Note that the node to be deleted is released to delete, and the next node of the deleted node is returned.

<5> apply erase and insert to implement push_back, push_front and pop_back, pop_front functions

void push_back(const T& val)     //尾插
{
	/*node* newnode = new node(val);
	node* tail = _head->_prev;
	tail->_next = newnode;
	newnode->_prev = tail;
	_head->_prev = newnode;
	newnode->_next = _head;*/

	//套用insert
	insert(end(), val);
}

void push_front(const T& val)    //头插
{
	//套用insert
	insert(begin(), val);
}


void pop_back()                 //尾删
{
	erase(--end());
}

void pop_front()                //头删
{
	erase(begin());
}

<6>. Iterator constructor

//迭代器构造
template<typename InputIterator>
list(InputIterator first, InputIterator last)
{
	ini_empty();    //初始化哨兵位
	while (first != last)
	{
		push_back(*first);
		++first;
	}
}

Why does its iterator constructor add template parameters?

For example, if you want to insert a series of data in a vector, you can insert the data into the list by passing a range of the iterator of the vector, isn't it very convenient!

<*>swap

Function: exchange the data of two lists

void swap(list<T>& l1, list<T>& l2)
{
	std::swap(l1._head, l2._head);
}

If we want to exchange the data of two linked lists, we don't need to move them one by one, we just need to exchange their sentinel bits.

<7> copy constructor and assignment copy in modern writing

list(const list& lt)      //在类里可以不加模版参数(但是推荐加上）
{
	ini_empty();
	list tmp(lt.begin(), lt.end());
	swap(*this, tmp);
}

list<T>& operator=(list<T> lt)
{
	swap(*this, lt);
	return *this;
}

We advocate the modern way of writing copy construction and assignment copy, because it is really concise! ! !

<*>clear

Function: Clean up all valid storage nodes in the linked list (excluding sentinel bits)

void clear()
{
	auto it = begin();
	while (it != end())
	{
		it = erase(it);
	}
}

<8> Destructor

~list()
{
	clear();
	delete _head;
}

Unlike clear, the destructor needs to release the sentinel bit, otherwise there will be a memory leak!

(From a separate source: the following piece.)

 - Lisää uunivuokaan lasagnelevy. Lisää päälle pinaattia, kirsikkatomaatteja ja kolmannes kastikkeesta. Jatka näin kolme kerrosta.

<*>Expand important content

If there is such a case, what is stored in the list is a structure or class, and if we want to access the member variables and functions in these structures, we can overload its -> operator in __list_iterator, so that this Simplified access to data.

Take the following code as an example

struct Pos
{
    int _a1;
    int _a2；

    Pos(int a1 = 0, int a2 = 0)
	    :_a1(a1)
	    , _a2(a2)
        {}
};
void list_test3()
{
	list<Pos> lt;
	lt.push_back(Pos(10, 20));
	lt.push_back(Pos(10, 21));

	list<Pos>::iterator it = lt.begin();
	while (it != lt.end())
	{
		//cout << (*it)._a1 << ":" << (*it)._a2 << endl;
		cout << it->_a1 << ":" << it->_a2 << endl;

		++it;
	}
	cout << endl;
}

Ref operator*()
{
	return _node->_data;
}

Ptr operator->()        //注意，这里竟然没有参数！！
{
	return &(operator*());         //这种写法是什么意思呢？
}

Take a closer look at the -> overloading method here, what does &(operator*()); mean?

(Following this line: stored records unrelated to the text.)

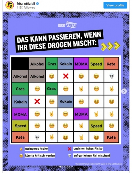 Radio Fritz« (rbb) svoji mladi ciljni skupini na Instagramu razlaga, katera zdravila je treba mešati, da bo tveganje »manjše« – in katerih je morda bolje ne mešati.
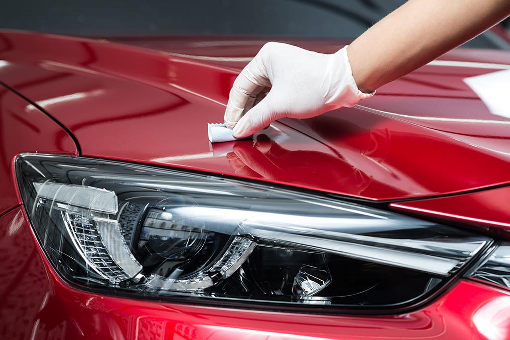 その柔軟なガラス被膜の上に、さらに特殊な「レジン」の膜を作り、水シミを強力に防止すると同時に、より強いツヤを生み出しています。
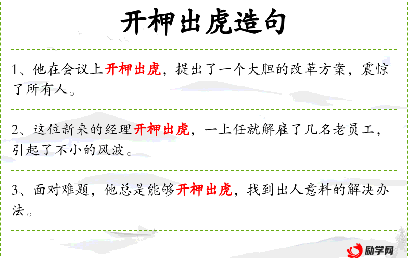 - 开柙出虎:这个成语源自古代,比喻采取大胆、冒险的行动。在文化中,成语的使用丰富了语言的表达,也反映了文化的深度。
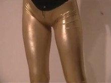 Restrained in Golden Catsuit

Just take the address of _node->_data.

Let's go back to the above example, it->_a1, because our overloaded -> has no parameters , then we will find a very strange phenomenon, is there a missing ->, shouldn't it be it->- >_date?

In fact, there is nothing wrong, there should be two ->, but because the compiler simplifies the ->-> here to -> for code readability.

And if we write ->-> here, it will report an error instead!

The return value here is somewhat similar to the overload of *, if it is a const list, it will return const T*.

Summarize

The biggest difference between list and string and vector is the difference between iterators, so we learn list mainly to learn its iterator implementation.

STL is similar. After learning one, in fact, from the perspective of use, the others will be used, even if their data structures are completely different.